The diagnoses of POAG cases in the BBJ project and in the replication studies were determined by ophthalmologists in the collaborating hospitals. Detailed criteria are described in our previous report (10). The diagnoses of POAG were determined by expert ophthalmologists from the participating hospitals based on the criterion: glaucomatous optic neuropathy with corresponding glaucomatous visual-field defects measured using different opthalmic perimeters. Combinations of the following examinations were also used to make diagnoses: slit-lamp microscopy, examination of the optic disc and retinal nerve-fiber layer using an opthalmoscope, measurement of the vertical cup-to-disc ratio, tonometry to determine intraocular pressure and gonioscopy to assess the iridocorneal angle (an open angle is required for a diagnosis of POAG). Patients with secondary glaucoma including those caused by exfoliation syndrome, closed-angle glaucoma or congenital glaucoma were excluded from this study. For the subtype analysis of the associated loci, we divided GWAS cases into 1026 normal tension glaucoma (defined by peak IOP of < 22 mmHg) and 808 high tension glaucoma (defined by peak IOP ≥ 22 mmHg). Since peak IOP data was not available in 2146 cases, they were excluded from the subtype analysis.
For the multiethnic validation study, we extracted the association results for 7 SNPs from GWAS data sets of the Singaporean Chinese (1008 cases and 591 controls), the EUR descendants from two independent cohorts (a total of 5008 cases and 35 472 controls) and the African descendants comprising three geographically distinct populations (a total of 2341 cases and 2037 controls). Details from these data sets are summarized in the Supplementary Material Note.

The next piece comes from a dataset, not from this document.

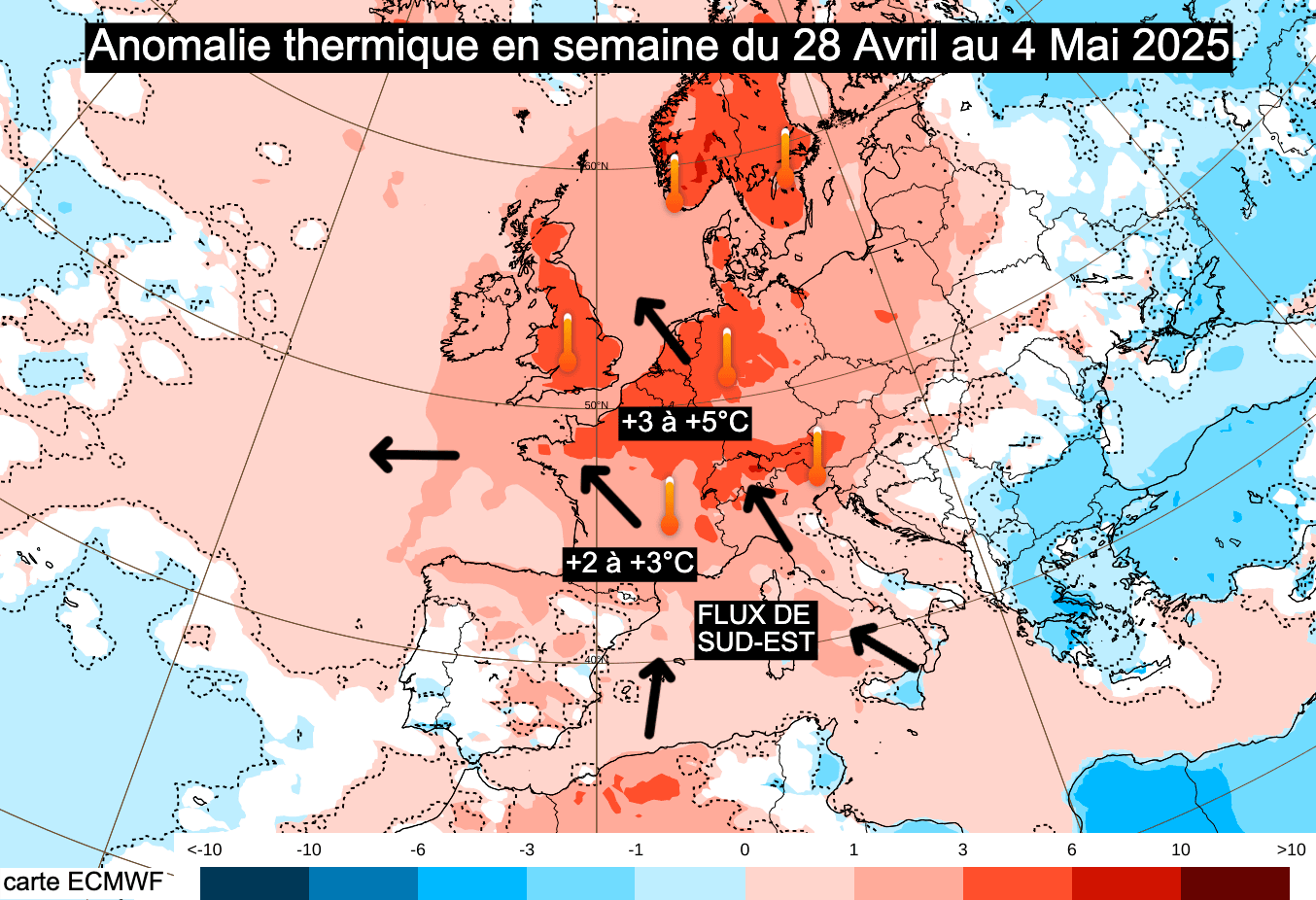 Anomalie thermique en semaine du lundi 28 avril au dimanche 4 mai 2025 - ECMWF

All subjects were enrolled in the study after written informed consent and approval from the relevant national and regional institutional review boards were obtained from the collaborating hospitals in accordance with the Declaration of Helsinki.
Genotyping and quality control
For the GWAS, cases and controls were genotyped using HumanOmniExpressExome BeadChip arrays or a combination of HumanOmniExpress and HumanExome BeadChip arrays (Illumina, Inc., San Diego, CA). To apply stringent quality control (QC), we excluded subjects with a genotype call rate of < 98%, those with close kinship based on PI_HAT values (threshold = 0.1), and outliers from the EAS population estimated by principal component analysis (PCA) using EIGENSTRAT software (ver. 6.0.1). For stringent QC of SNPs, we applied the following filters for autosomal variants: variant call rate ≥ 0.99; P-value for Hardy–Weinberg equilibrium (HWE) in controls ≥ 1.0 × 10−6 and minor allele frequency (MAF) ≥ 0.5%. We applied QCs for X chromosome variants as follows: variant call rate ≥ 0.99 in both males and females, P-value for HWE ≥ 1.0 × 10−6 in females and MAF > 0.5%.

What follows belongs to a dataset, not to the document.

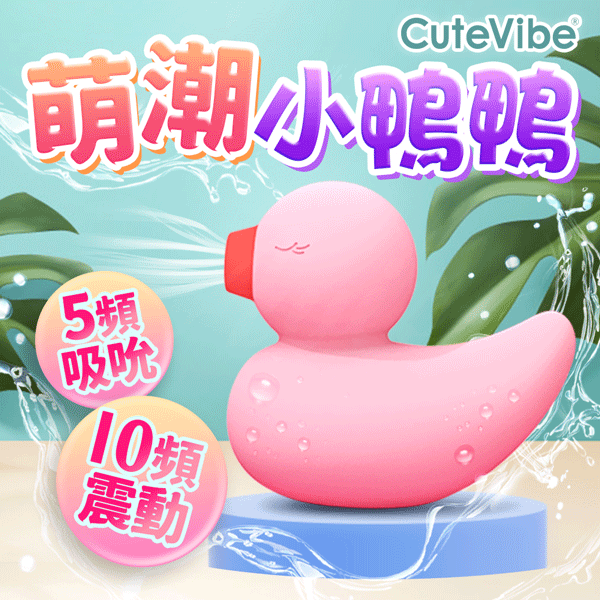 Cutevibe-小鴨鴨雙用吸吮震動按摩器-粉

For the replication study in the Japanese population, selected SNPs were genotyped in cases from Japanese replication sets using the multiplex polymerase chain reaction (PCR)-based Invader assay (Third Wave Technologies, Madison, WI) (51). The genotypes were called by visual inspection. For QC of the Invader assay, we excluded individuals with a call rate < 95% from further analysis. All SNPs had a call rate ≥ 99%. Details of the genotyping methods and QC are described in a previous report (10). The replication set controls were genotyped using HumanOmniExpressExome BeadChip arrays or a combination of HumanOmniExpress and HumanExome BeadChip arrays (Illumina, Inc.). The same QC filters used for the GWAS were applied for Japanese replication set controls. Genotyping and QC filters used in the multiethnic replication were described in the Supplementary Material Note.
Imputation
EAS samples from the 1000 Genomes Project (phase 1 version 3) were used for imputation reference. As part of QC for the reference panel, we excluded 11 closely related samples based on IBS and used the remaining 275 samples for reference. We also excluded variants with MAFs of < 1.0% or P-values for HWE of ≤ 1.0 × 10−6. In the GWAS, we phased haplotypes using MACH software. Imputation was carried out by minimac (ver. 0.1.1). For the imputation of X chromosome variants, we phased the haplotypes and performed imputation separately in males and females.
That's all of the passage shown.